After saving the file, you have a self-contained batch script that encodes the full GRPO training workflow and is ready to submit to Slurm.
With the batch script in place, the next step is to hand it to Slurm so the scheduler can allocate the requested nodes and run the workflow. After creating the script, submit the job to Slurm with sbatch, as follows:
sbatch verl-grpo-qwen3-8B-gsm8k.sbatch
Once submitted, the job performs the following steps:
After submission, the job runs asynchronously on the cluster.

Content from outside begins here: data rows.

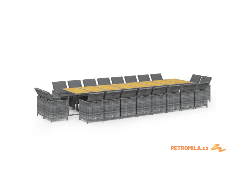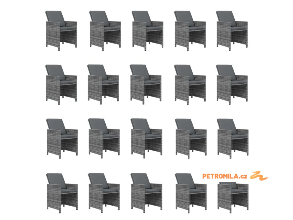 21dílný zahradní jídelní set s poduškami šedý polyratan
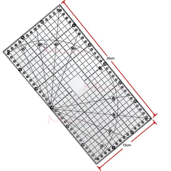 Uso: Usado para trabalhos em patchwork, por exemplo, tecidos, moldes, retalhos quadrículados, entre outros. Sua transparência facilita na hora de trabalhar com tecidos coloridos. Possui marcaçao em cm e internamente quadriculados de 1cm², além de ângulos de 15º,30º, 45º, 60º e 90º.
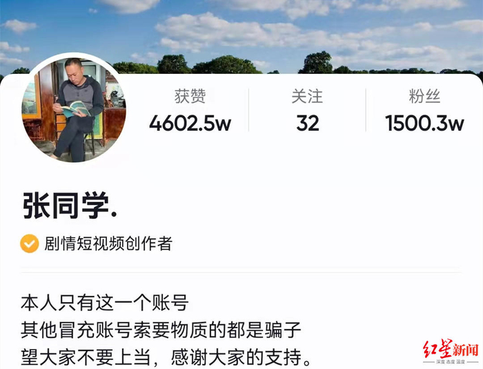 作家张丰告诉红星新闻,“张同学”剪辑很专业、在技术上非常成熟,这是他走红的重要原因,“以乡村为主题的视频很多,并不是有手机就能成功。张同学能自觉利用短视频时代的表达手段。”
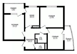 Удобная планировка. Две спальни и гостиная, которая тоже может стать спальней при необходимости. Выход на просторную лоджию из кухни и гостиной, на лоджии барная стойка, открывается красивый вид на город.
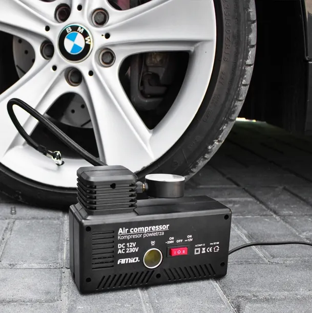 KOMPRESOR SAMOCHODOWY 12V/230V POMPKA DO KÓŁ MATERACY ELEKTRYCZNA SPRĘŻARKA
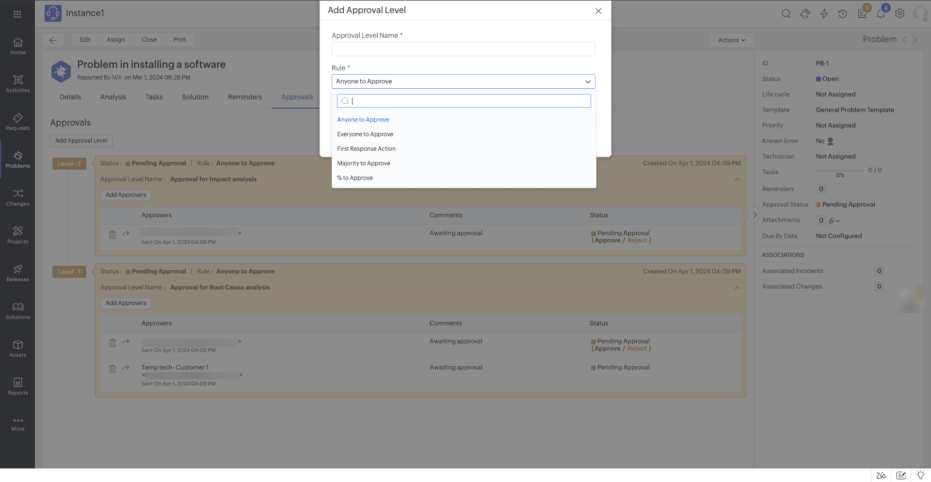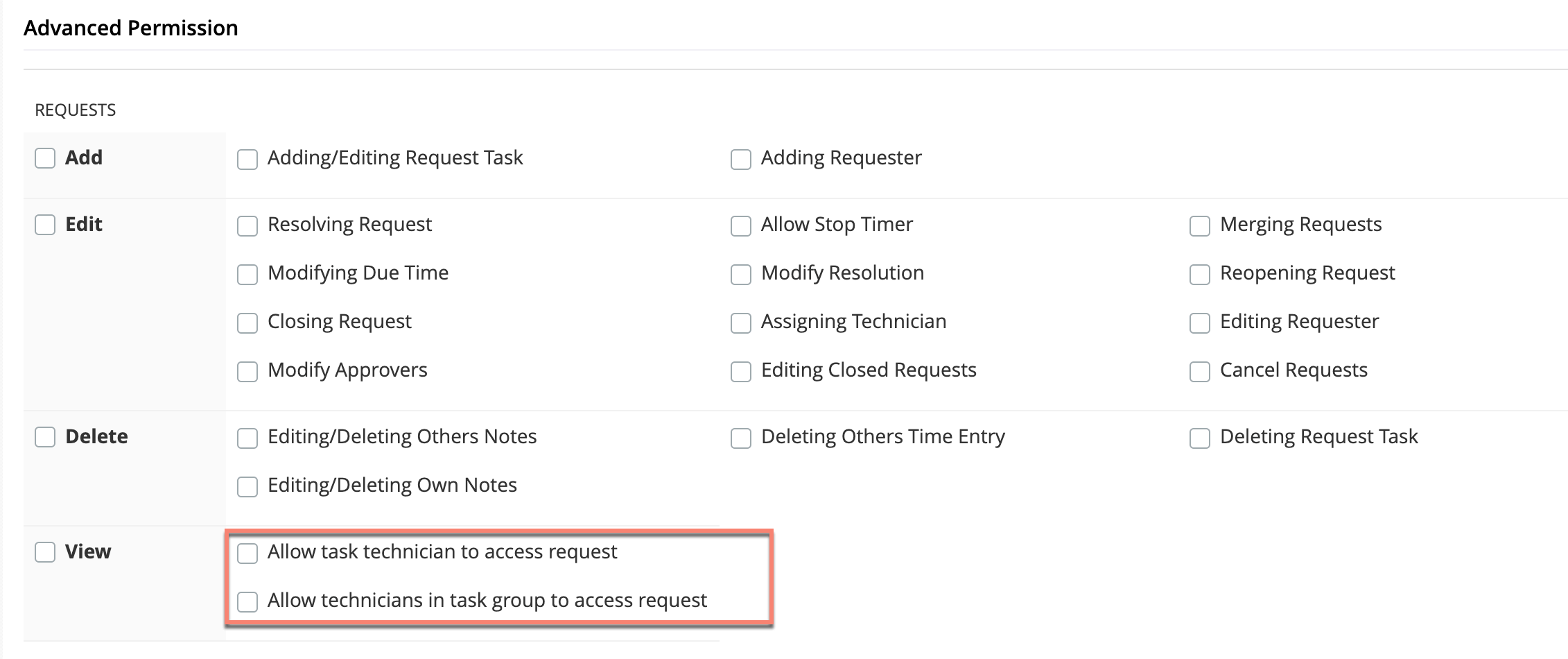 Note: Advanced permissions for Problems are now grouped into Edit permission.
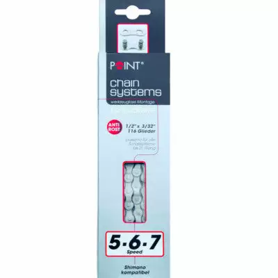 Cette chaîne de 116 maillons est spécialement conçue pour les vélos de 5, 6 et 7 vitesses. Elle est compatible avec la grande majorité des dérailleurs allant jusqu’à 21 vitesses. La chaine est livrée avec une attache rapide, son montage et démontage se font rapidement et plus facilement. Un maillon à attache rapide pour chaine vélo est disponible à l’unité en Options.
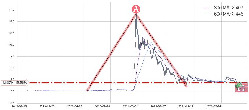 ♘ 支撑价格位1.8070,可信任强度76.45%,距离最后交易2022-08-12形成的收盘价格2.140相差 -15.56%
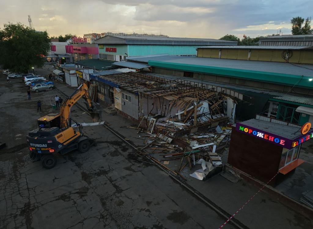 Более 2000 кв. м торговых площадей крупного рынка в мкр. «Аксай-4» сносят по решению суда, сообщает управление градостроительного контроля Алматы.
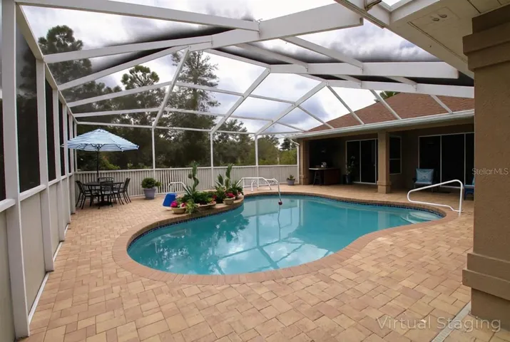 The screened lanai and pavered pool area are designed for both relaxation and entertaining, complete with a built-in outdoor grill and ceramic egg-style grill. The saltwater pool serves as the focal point of the home and extends the living space year-round.
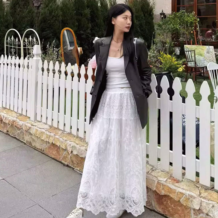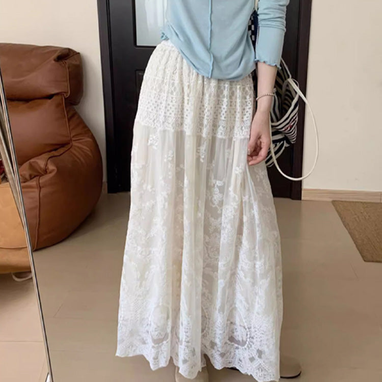 繊細なレースを贅沢に使用した、まるでドレスのような存在感のあるマキシスカート。裾にかけて広がるやわらかなシルエットと刺繍レースの透け感が、甘すぎない大人ガーリーを演出します。ジャケットやブーツでモードに、足元はスニーカーで抜け感をプラスしても◎ トップス次第でシーズンレスに使える、着回し力抜群の一枚です。
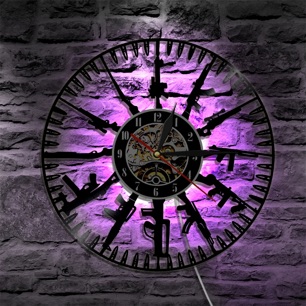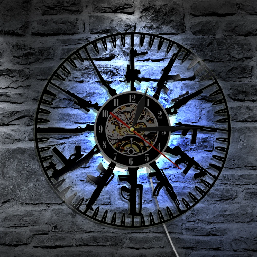 Стреляния оружий настенные часы солдат обучение оружие виниловых пластинок настенные часы таймер современный дизайн домашний декор часы с светильник подарок
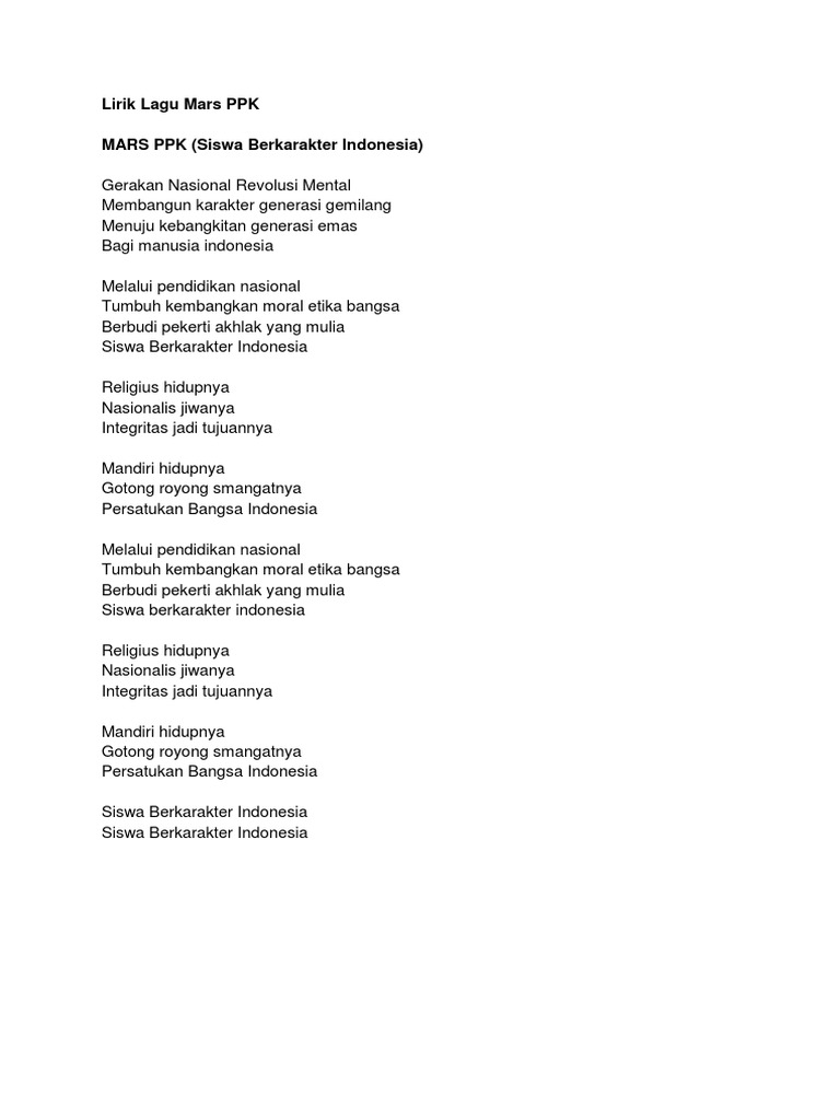 Lirik Lagu MARS PPK (Siswa Berkarakter Indonesia) - Download mp3 …
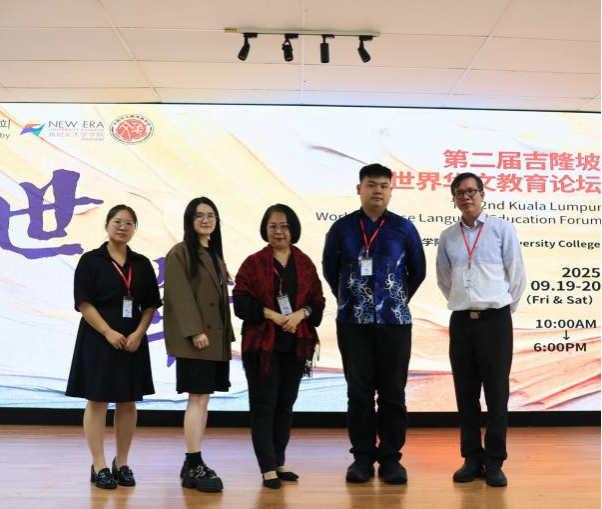 2025年9月19日,第二届“吉隆坡世界华文教育论坛”在马来西亚新纪元大学学院开幕。中国驻马来西亚使馆临时代办郑学方、马来西亚科技与创新部部长郑立慷、新纪元大学学院校长莫顺宗等嘉宾出席并致辞。来自全球的近200位华文教育专家与学者齐聚一堂,共同探讨新时代华文教育的发展挑战与创新方向。我校贾红博士和燕妮老师受邀在会上作专题发言,分享了国际中文教育的“湖南经验”。
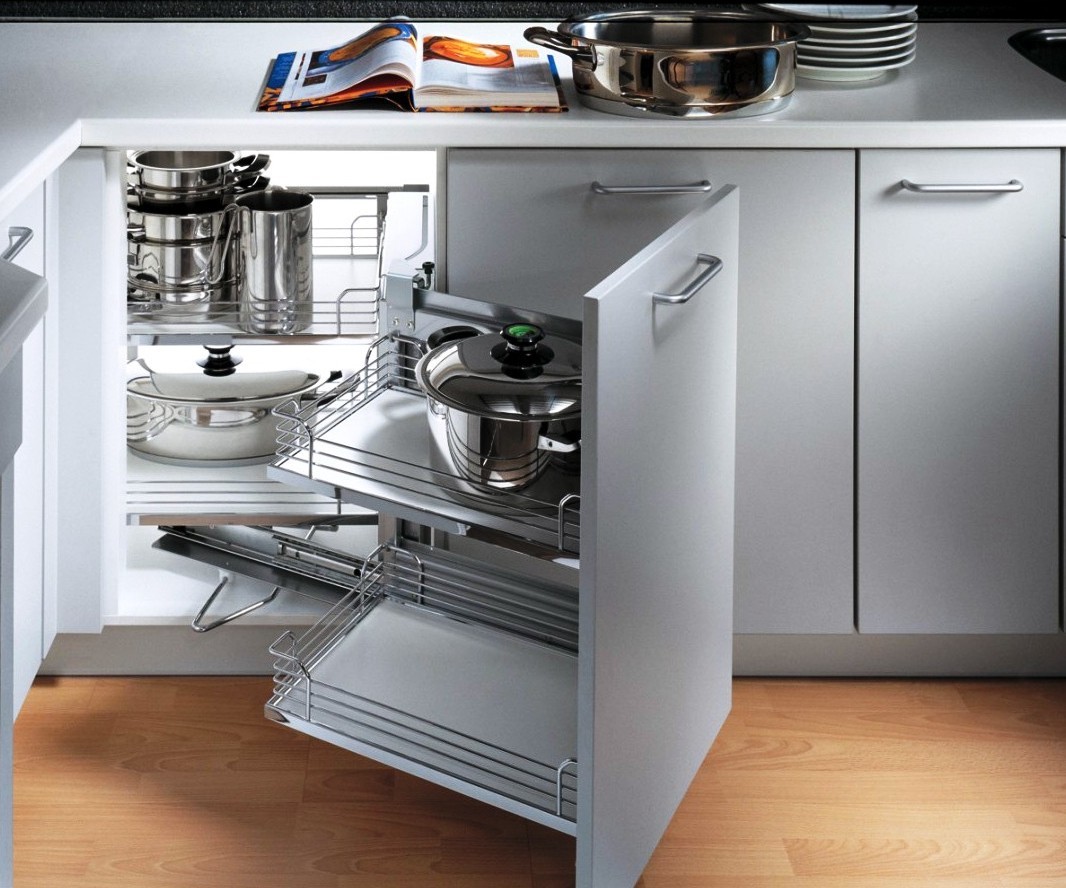 Позволяют по максимуму использовать угловые шкафы и «подают» вещи с дальних полок прямо в руки

The following sections describe how to locate the job, inspect its progress, and find the artifacts it produces.
The job ID is the handle Slurm uses to identify your run. Capturing it in an environment variable makes the rest of the monitoring commands easier to copy and reuse. Fetch the Slurm job ID from squeue, as follows:
export VERL_JOB_ID="$(squeue --user=$(whoami) --name=verl-grpo-qwen3-8B-gsm8k -h -o "%A" | head -n1)"
To find the W&B link in logs, use grep as follows:
grep -E "View run at|View project at:" "logs/verl-grpo-qwen3-8B-gsm8k_${VERL_JOB_ID}.out"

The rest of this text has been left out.